Investment return and heavy gift-giving led to big increases in school assets last year.
By Les Christie, CNNMoney.com staff writer
January 22 2007: 11:33 AM EST
NEW YORK (CNNMoney.com) -- Harvard has a bigger endowment fund than any other school and Tufts' fund posted the biggest increase in 2006, according to a survey released Monday.
The average schools' endowment funds posted a 10.7 percent return on investment during the year, according to the survey of 765 schools by the National Association of College and University Business Officers (NACUBO). The S&P 500 gained 13.5 percent for the year.
Harvard's $28 billion endowment grew 13.5 percent last year, including both market returns and gifts.
The strong market doubly benefited endowment funds, according to NACUBO spokeswoman Jessica Shedd. Not only were equity returns higher but alumni and others were more generous with donations. Last year gifts accounted for about 20 percent of the increase in the size of the average endowment fund.
The majority of the average school's endowment (78 percent) was in equities and fixed-income securities.
Some schools fattened their endowment funds far faster than any others. Of the 62 schools with billion-dollar-plus endowments, Tufts University, a private liberal arts school located outside Boston, increased its fund the most, by 43.8 percent to more than $1.2 billion.
Helping feed that growth was Loews Corp.
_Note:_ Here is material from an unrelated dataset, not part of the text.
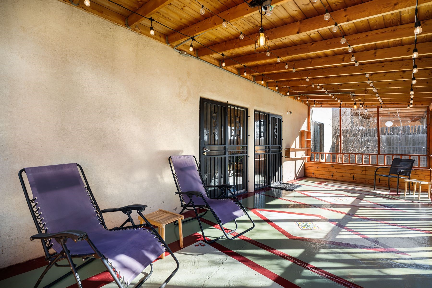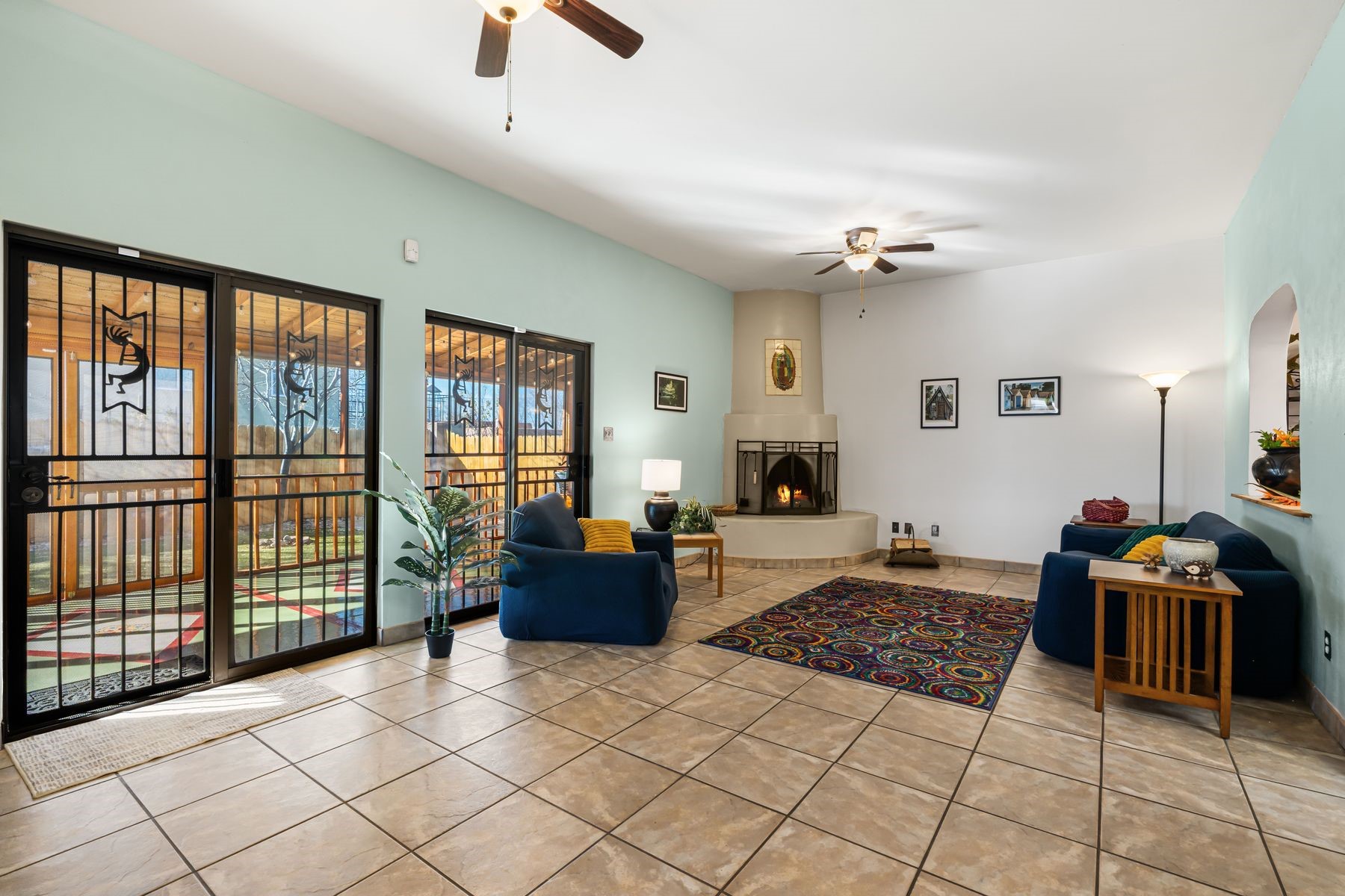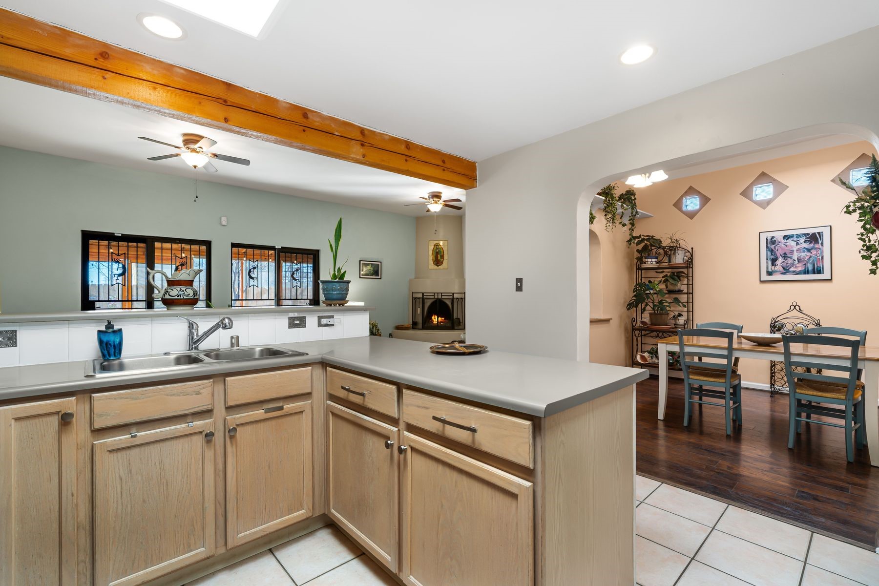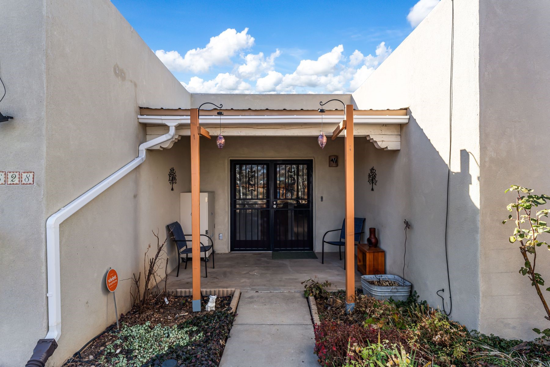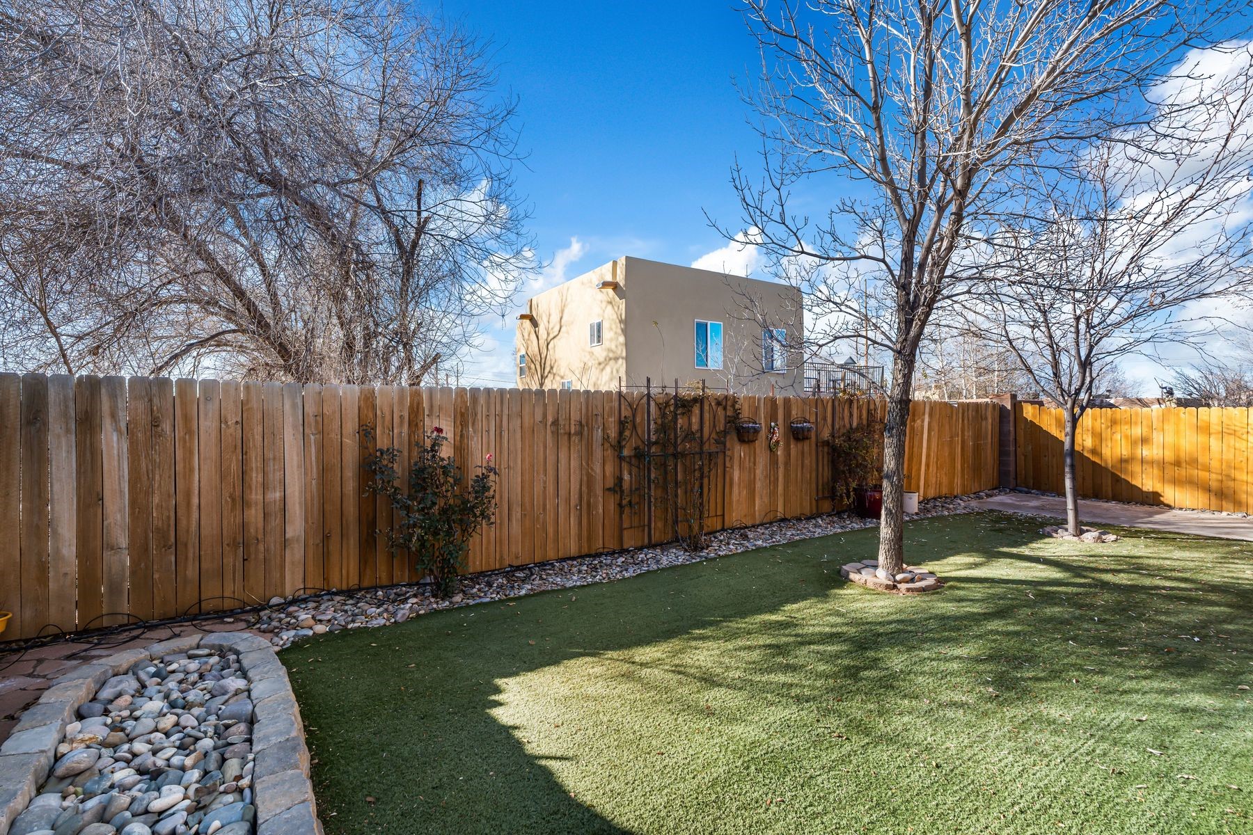 Discover this charming home in a quiet midtown location across from Los Hermanos Rodriguez Park and bordering undeveloped common area on one side for added privacy. This single-level, no-steps home offers abundant natural light and excellent separation between the primary suite and two guest bedrooms. The inviting living room features tile flooring and a wood-burning kiva fireplace, while the kitchen and dining area offer easy flow for everyday living. A standout feature is the screened-in portal, providing additional outdoor living space and direct access to the fully fenced rear yard. The backyard includes low-maintenance landscaping, mature shade trees, turf, river rock accents, and room for gardening or pets. The front garden is a lush seasonal oasis with blooming perennials and established plantings that enhance curb appeal. The home includes laminate and tile flooring throughout (no carpet), in-floor radiant heat, and evaporative cooling for year-round comfort. The extra-wide one-car garage provides valuable storage or workspace. Recent updates include a new dishwasher (2023), new microwave (2024), new tankless boiler, and rainwater management improvements (2025). A radon mitigation system is already in place. This thoughtfully maintained home offers privacy, comfort, and easy indoor-outdoor living in a central Santa Fe location. With park access just across the street and shopping, restaurants, and amenities only 10 minutes away, this home combines quiet neighborhood living with excellent convenience.

CEO Jonathan Tisch, who donated $40 million to Tufts last year to fund a college of citizenship and public service.
Among the richest schools, Yale, at $18 billion, was a somewhat distant second to Harvard, but its fund expanded at a quicker pace, 18.4 percent.
The Ivies dominate the top of the list with five of the richest 11 schools. Princeton is fifth, Columbia seventh and Penn is 11th. Other top 10 schools included Stanford, which was third with $14.1 billion, Texas (fourth with $13.2 billion) and MIT (sixth with 8.4 billion).
None of the billion-dollar schools lost money; Baylor College of Medicine, at 5.1 percent, increased its endowment by the smallest rate.